TASK BRIEF
Repeat only these lines, exactly: the first line of the data, the line containing "Gerhodineerd 925 zilveren", and every line between them. Pictures stay out.

(Source records)
· · · · ·
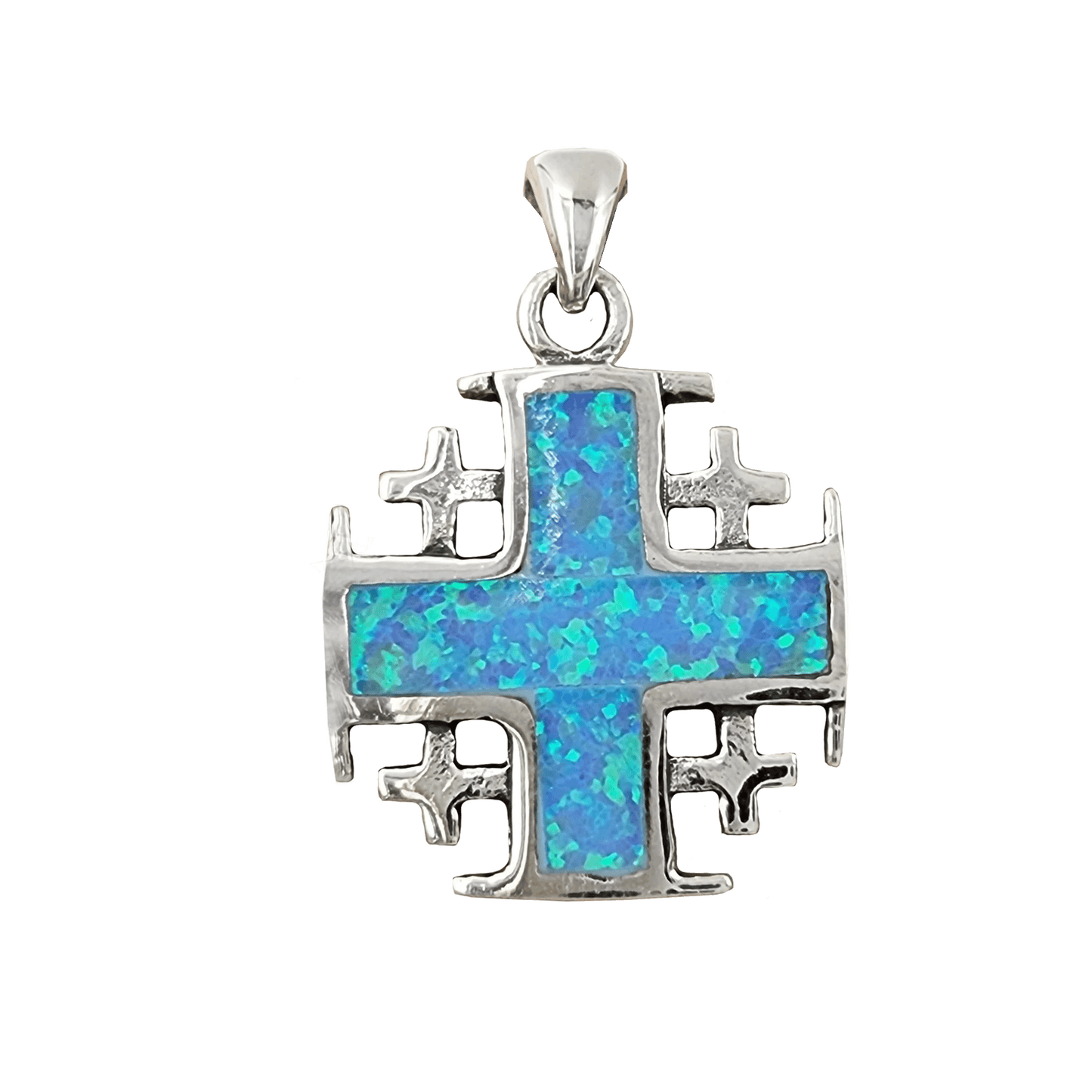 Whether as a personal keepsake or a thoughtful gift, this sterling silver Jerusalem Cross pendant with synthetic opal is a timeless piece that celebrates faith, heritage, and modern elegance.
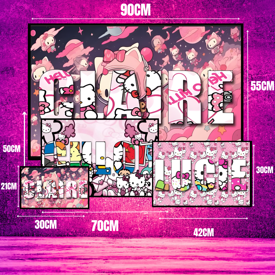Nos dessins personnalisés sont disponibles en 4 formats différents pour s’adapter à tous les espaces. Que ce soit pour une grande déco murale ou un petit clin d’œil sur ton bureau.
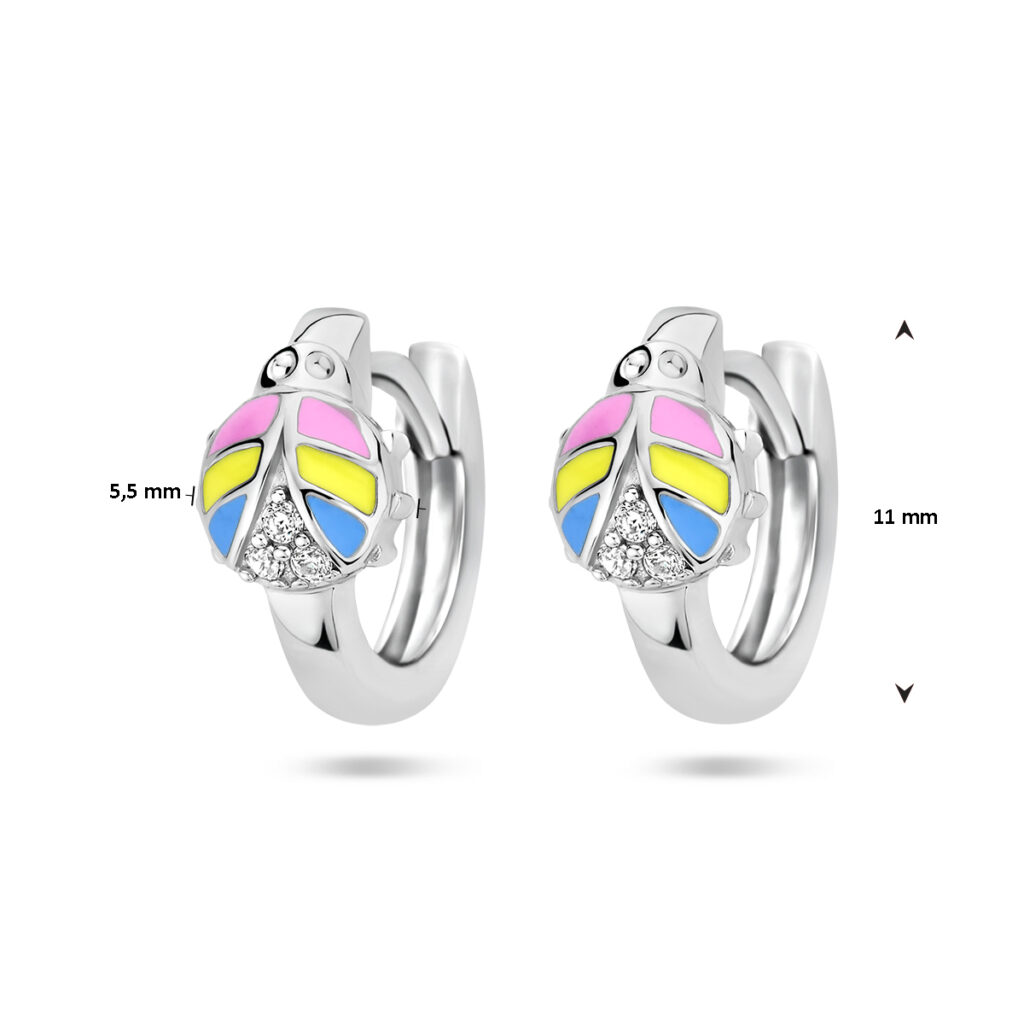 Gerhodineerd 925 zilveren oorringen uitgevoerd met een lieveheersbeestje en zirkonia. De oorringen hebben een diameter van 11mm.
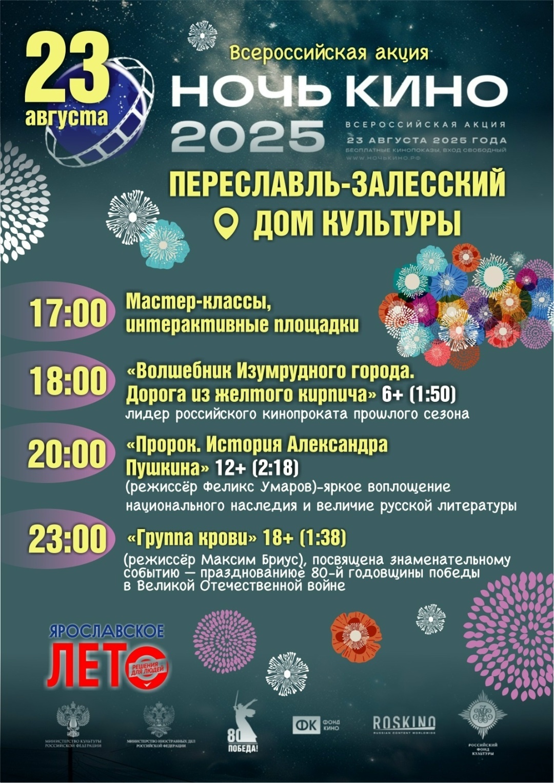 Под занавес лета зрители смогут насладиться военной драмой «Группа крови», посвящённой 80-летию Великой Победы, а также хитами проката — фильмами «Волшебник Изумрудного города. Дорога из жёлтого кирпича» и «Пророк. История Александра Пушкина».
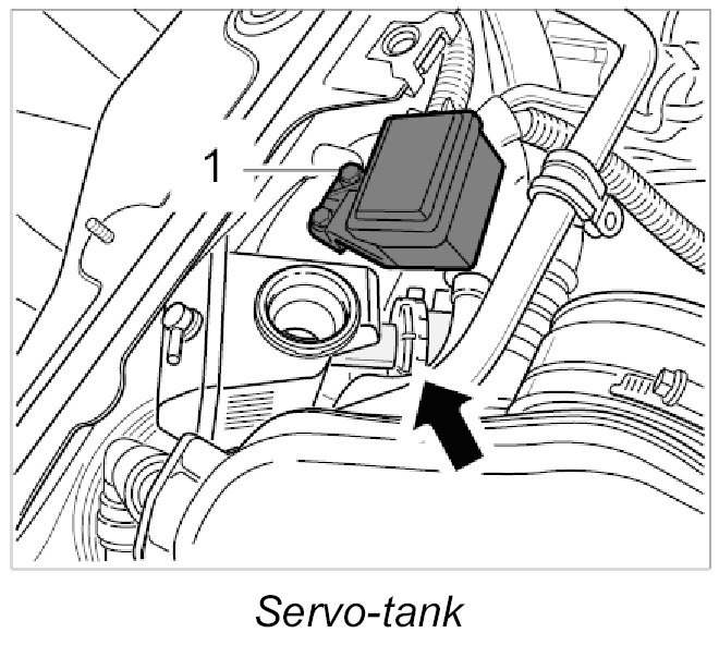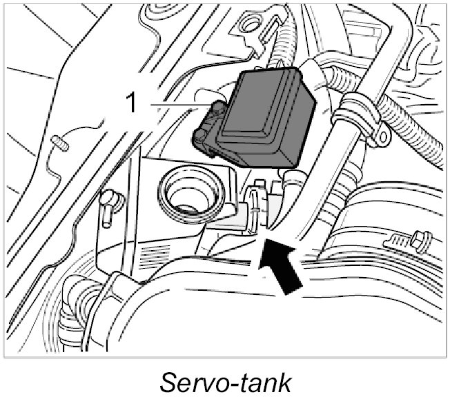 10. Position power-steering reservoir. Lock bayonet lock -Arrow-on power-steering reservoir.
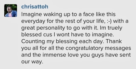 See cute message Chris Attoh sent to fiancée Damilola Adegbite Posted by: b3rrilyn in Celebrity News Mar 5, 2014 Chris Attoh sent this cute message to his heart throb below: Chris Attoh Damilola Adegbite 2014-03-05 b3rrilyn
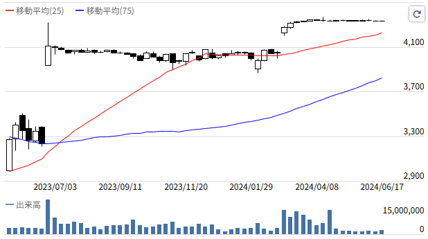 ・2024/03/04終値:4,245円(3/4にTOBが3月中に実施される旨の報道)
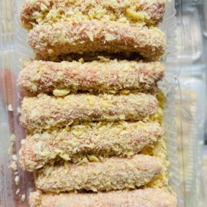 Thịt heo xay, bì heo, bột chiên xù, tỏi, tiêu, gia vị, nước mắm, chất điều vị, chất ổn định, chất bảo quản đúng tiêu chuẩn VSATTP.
· · · · ·
EXPECTED OUTPUT
 Whether as a personal keepsake or a thoughtful gift, this sterling silver Jerusalem Cross pendant with synthetic opal is a timeless piece that celebrates faith, heritage, and modern elegance.
Nos dessins personnalisés sont disponibles en 4 formats différents pour s’adapter à tous les espaces. Que ce soit pour une grande déco murale ou un petit clin d’œil sur ton bureau.
 Gerhodineerd 925 zilveren oorringen uitgevoerd met een lieveheersbeestje en zirkonia. De oorringen hebben een diameter van 11mm.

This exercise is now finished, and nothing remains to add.